Gross margin is the difference between the sales and the production costs excluding overhead, payroll, taxes, and interest payments.

So, if you exclude calculating paying for content/having VAs write it or do work for you, then you are grossly (pun not intended) over calculating your ROI.

ROI should only be calculated using NET profit, the amount of money left after all costs and expenses have been deducted.

Yes, you can do a simple profit/loss ratio to get ROI, but it's very misleading. That's why net income/loss is the better indicator.
 
I beg to differ. You can't assume ROI is a positive gross margin because ROI is closely tied to net profit.

Gross margin is the difference between the sales and the production costs excluding overhead, payroll, taxes, and interest payments.

So, if you exclude calculating paying for content/having VAs write it or do work for you, then you are grossly (pun not intended) over calculating your ROI.

ROI should only be calculated using NET profit, the amount of money left after all costs and expenses have been deducted.

Yes, you can do a simple profit/loss ratio to get ROI, but it's very misleading. That's why net income/loss is the better indicator.

You're over complicating things, and that's coming from econ alum from a top three school.

100% ROI means that your earnings are equal to your initial investment in other words a 100% Rate of Return (interest's quantified value is equal to principal's initial value). If we're calculating single period arithmetic return as interest and we said that said ROI was annualized at interest that would be 100% interest (APY).

To dumb it down:
If you were issued a certificate of deposit that matured in exactly one year (1y CD) and it was issued at a standard offering of 100% APY at a face value of $100 dollars...
[excluding any fees or penalities]
After one year you would of earned $100 in interest.
$100 in interest plus $100 in principal equals $200.
Since $200 is double $100 doesn't take Mr. Wizard to figure out what just happened.
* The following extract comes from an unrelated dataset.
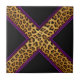 Empreinte de léopard à la mode X de safari sur l'arrière - plan noir, décrit dans les lignes des pourpres roses et.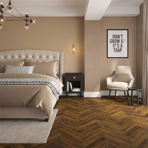 Smoked Cathedral Oak Herringbone is a 12mm laminate flooring that offers an incredibly authentic look and feel. The bevelled planks and click-fit system make it easy to install, while the AC4 rating ensures it's durable enough for heavy domestic and medium commercial use.

And you CAN assume ROI is positive.

If someone says 100% ROI that's = +100% (as is positive ROI)

This is why people need to stay in high school.

Smart asses are generally dumbasses.
 
I'm just pointing out that you shouldn't be measuring ROI with anything with the word "Gross" in it because it hasn't had all the liabilities deducted yet.

It's better to use NET. Someone reading this thread later will start using gross and then wonder why they are losing money (even though those people have other things they should be worrying about if that's the case).
 
Reinvesting profits ?

so a while ago, I started with a small amount, and seeing good returns. Much better than trading futures or buying some shit stock. So much better that I am having my natural doubts whether this could be consistent. Why are returns so much higher for IM than financials ? For example, if you invested $1000 in IM, I bet some of you could make several times that amount easily. Yet, the same amount invested in stocks or mini futures is far more risky and returns are much smaller.

Is it possible that if I keep reinvesting the profits from previous campaigns, that I could continue to see a fairly positive slope in profits ? At what point would you stop seeing positive returns ?

What are some pitfalls in running campaigns on Google Display network ? Only thing that is apparent is competition.....there's seems to be no shortage of demand for certain CPA.

but I mean if you discovered handful of untapped sites, and you owned the inventory, wouldn't you continue seeing consistent positive ROI ?

Internet marketing is quite interesting, I want to take a much more quantitative approach to it using various models any suggestions on such topics ?

I don't know how SEO works so paying for traffic I am okay with and usually reinvest 50% of the earnings back into new campaigns.